### Your instructions
Using the material below, repeat exactly the lines from the one with "Niepowtarzalne rękawiczki Samshield" through the one with "1. 将FeCl3·6H2O", ends included, without any images.

### Data for this exercise

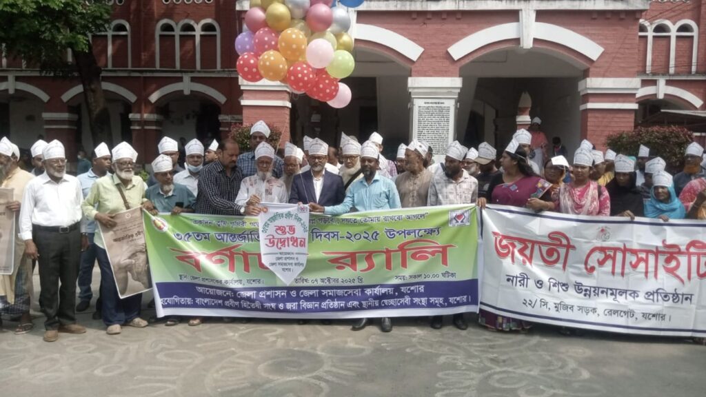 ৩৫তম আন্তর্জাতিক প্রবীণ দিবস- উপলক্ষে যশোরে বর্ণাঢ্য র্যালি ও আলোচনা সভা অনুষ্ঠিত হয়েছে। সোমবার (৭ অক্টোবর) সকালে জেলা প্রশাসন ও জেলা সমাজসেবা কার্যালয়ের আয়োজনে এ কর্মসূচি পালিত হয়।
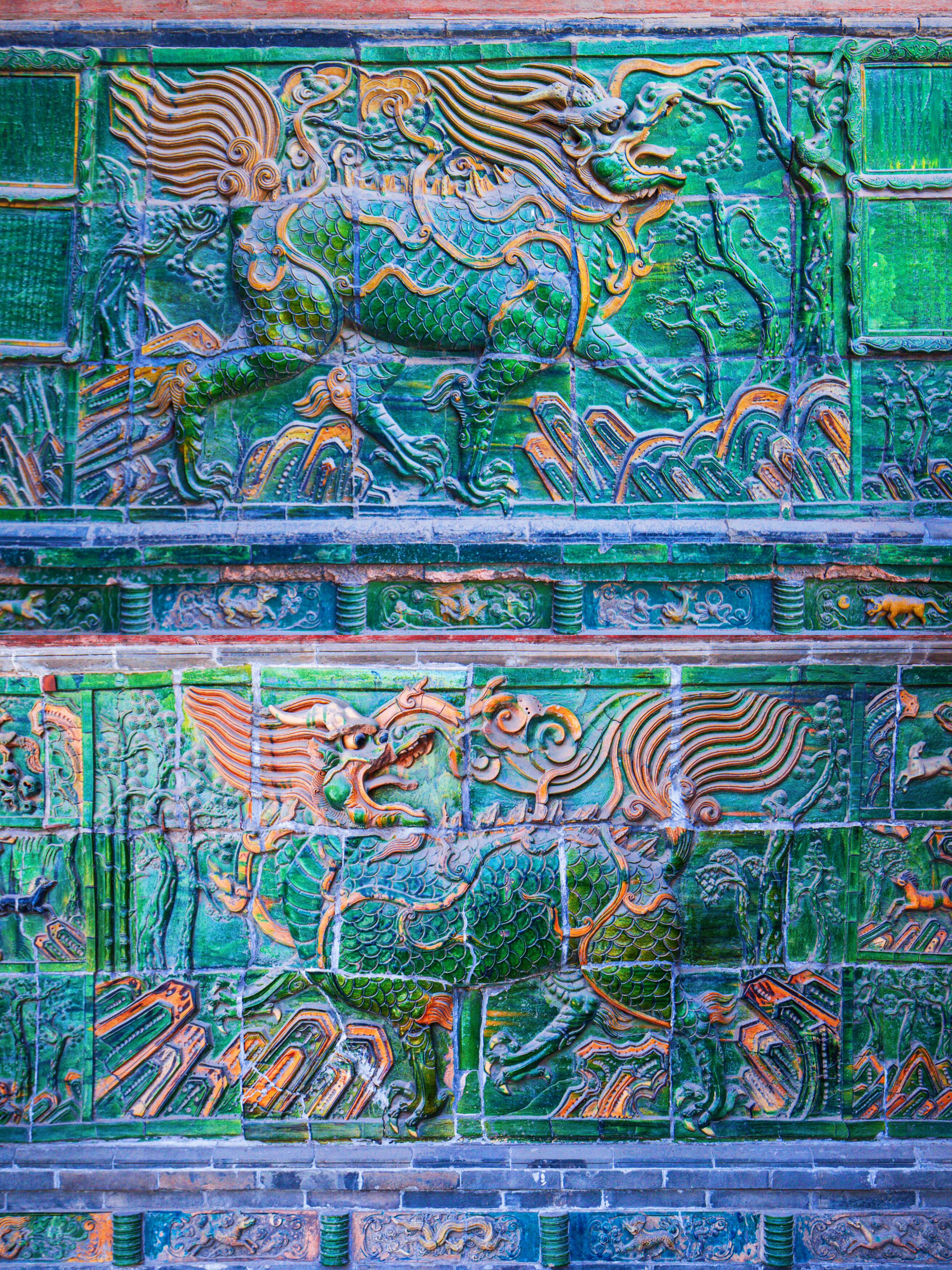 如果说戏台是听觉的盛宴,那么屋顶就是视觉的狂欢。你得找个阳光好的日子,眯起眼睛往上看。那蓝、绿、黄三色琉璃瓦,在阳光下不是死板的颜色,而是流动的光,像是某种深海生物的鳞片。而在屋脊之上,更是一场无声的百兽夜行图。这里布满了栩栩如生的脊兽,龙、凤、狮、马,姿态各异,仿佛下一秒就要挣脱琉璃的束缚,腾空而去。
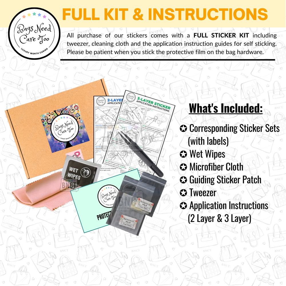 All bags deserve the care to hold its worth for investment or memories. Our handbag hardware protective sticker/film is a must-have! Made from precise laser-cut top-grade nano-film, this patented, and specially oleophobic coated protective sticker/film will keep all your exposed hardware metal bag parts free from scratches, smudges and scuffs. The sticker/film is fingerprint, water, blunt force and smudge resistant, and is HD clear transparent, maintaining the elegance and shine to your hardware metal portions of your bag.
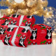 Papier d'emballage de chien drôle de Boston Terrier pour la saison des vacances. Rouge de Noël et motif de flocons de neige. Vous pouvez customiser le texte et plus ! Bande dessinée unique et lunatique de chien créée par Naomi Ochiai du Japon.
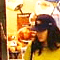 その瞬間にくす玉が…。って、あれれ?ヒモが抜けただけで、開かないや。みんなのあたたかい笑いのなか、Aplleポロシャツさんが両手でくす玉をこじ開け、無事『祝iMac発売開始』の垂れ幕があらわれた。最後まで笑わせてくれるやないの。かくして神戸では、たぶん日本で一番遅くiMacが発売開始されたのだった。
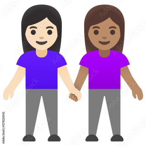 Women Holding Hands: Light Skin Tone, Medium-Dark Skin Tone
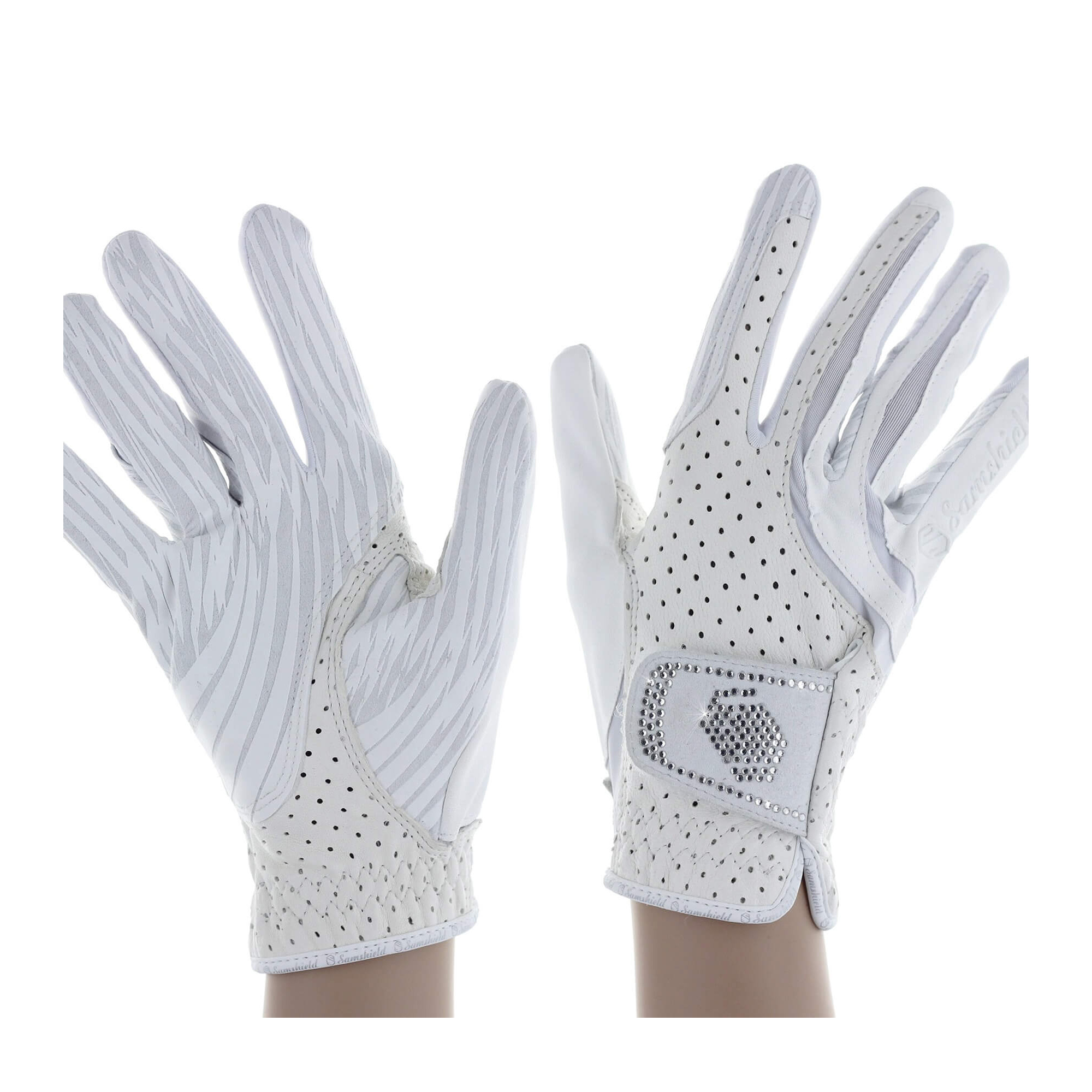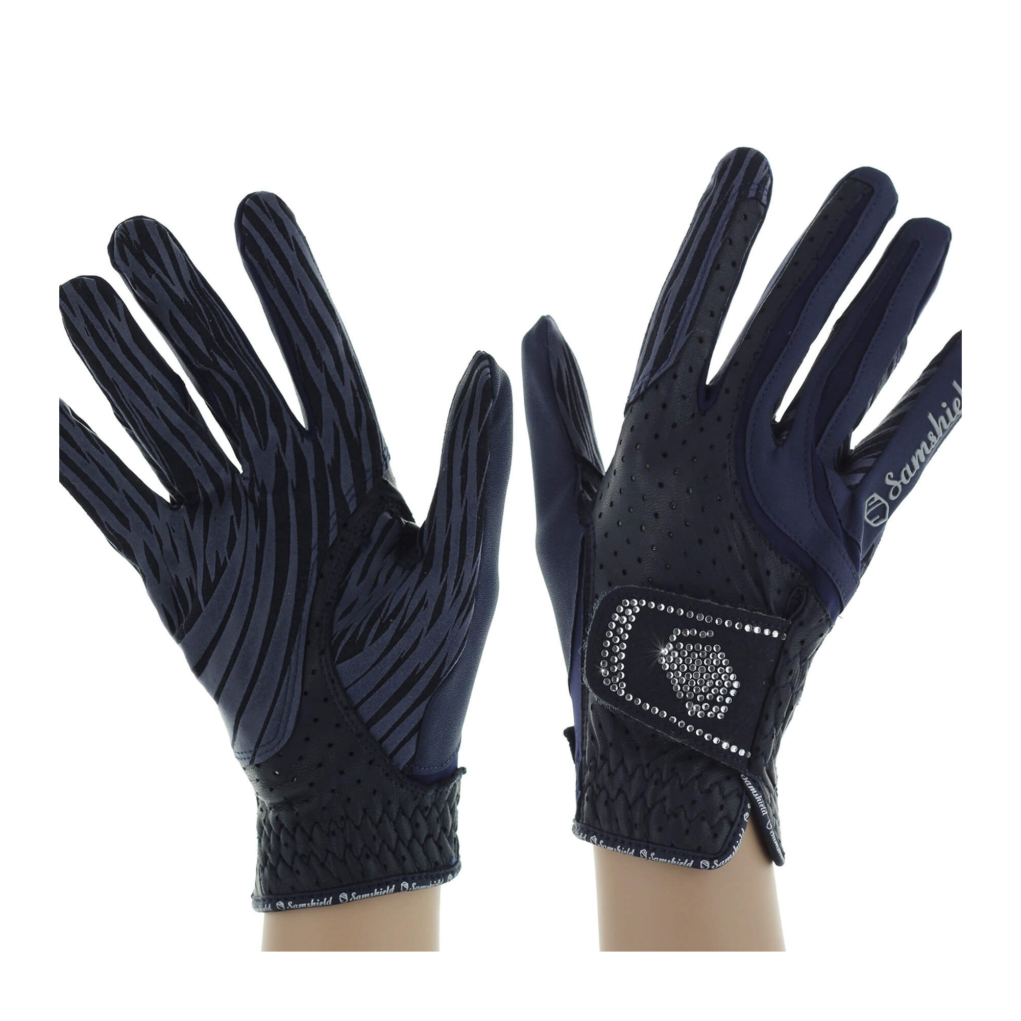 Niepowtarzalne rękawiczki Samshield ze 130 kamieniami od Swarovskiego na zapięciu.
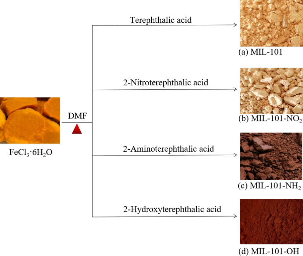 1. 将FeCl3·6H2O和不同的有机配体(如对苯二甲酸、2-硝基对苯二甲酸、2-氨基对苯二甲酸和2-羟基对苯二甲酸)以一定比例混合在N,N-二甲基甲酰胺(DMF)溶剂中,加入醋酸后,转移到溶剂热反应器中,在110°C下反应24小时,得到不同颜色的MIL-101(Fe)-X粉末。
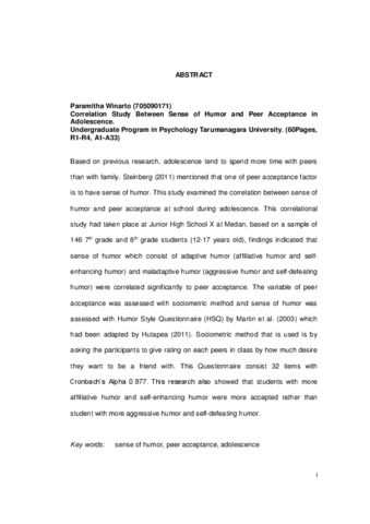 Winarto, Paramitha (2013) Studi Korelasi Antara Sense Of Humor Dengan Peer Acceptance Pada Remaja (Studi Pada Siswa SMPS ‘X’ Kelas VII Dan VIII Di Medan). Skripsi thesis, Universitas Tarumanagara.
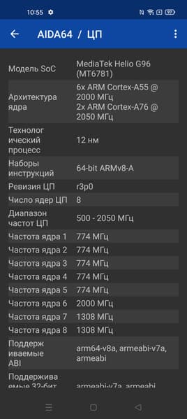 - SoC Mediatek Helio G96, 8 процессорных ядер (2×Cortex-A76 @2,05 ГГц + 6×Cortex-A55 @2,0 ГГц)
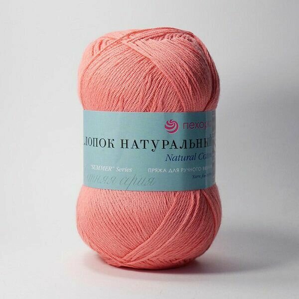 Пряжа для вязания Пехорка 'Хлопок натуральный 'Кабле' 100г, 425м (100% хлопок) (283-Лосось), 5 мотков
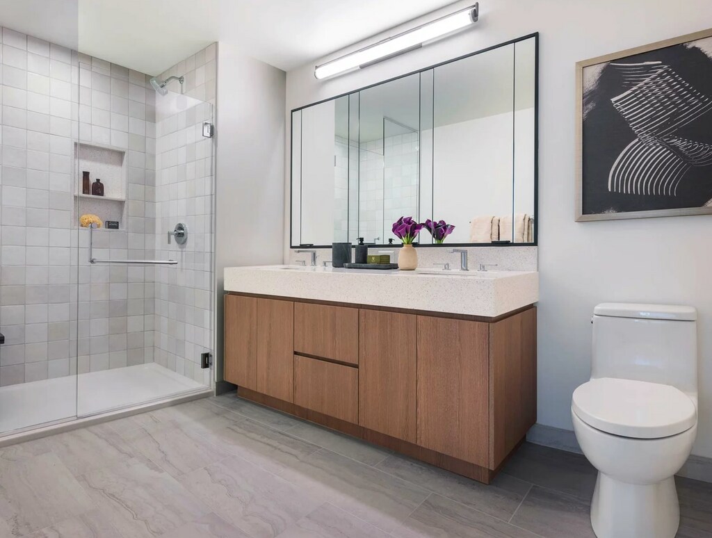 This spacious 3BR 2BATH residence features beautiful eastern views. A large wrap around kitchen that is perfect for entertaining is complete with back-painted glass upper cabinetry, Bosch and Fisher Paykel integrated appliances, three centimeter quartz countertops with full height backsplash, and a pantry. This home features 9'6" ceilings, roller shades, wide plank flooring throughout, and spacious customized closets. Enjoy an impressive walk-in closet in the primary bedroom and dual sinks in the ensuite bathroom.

### Task output
 Niepowtarzalne rękawiczki Samshield ze 130 kamieniami od Swarovskiego na zapięciu.
 1. 将FeCl3·6H2O和不同的有机配体(如对苯二甲酸、2-硝基对苯二甲酸、2-氨基对苯二甲酸和2-羟基对苯二甲酸)以一定比例混合在N,N-二甲基甲酰胺(DMF)溶剂中,加入醋酸后,转移到溶剂热反应器中,在110°C下反应24小时,得到不同颜色的MIL-101(Fe)-X粉末。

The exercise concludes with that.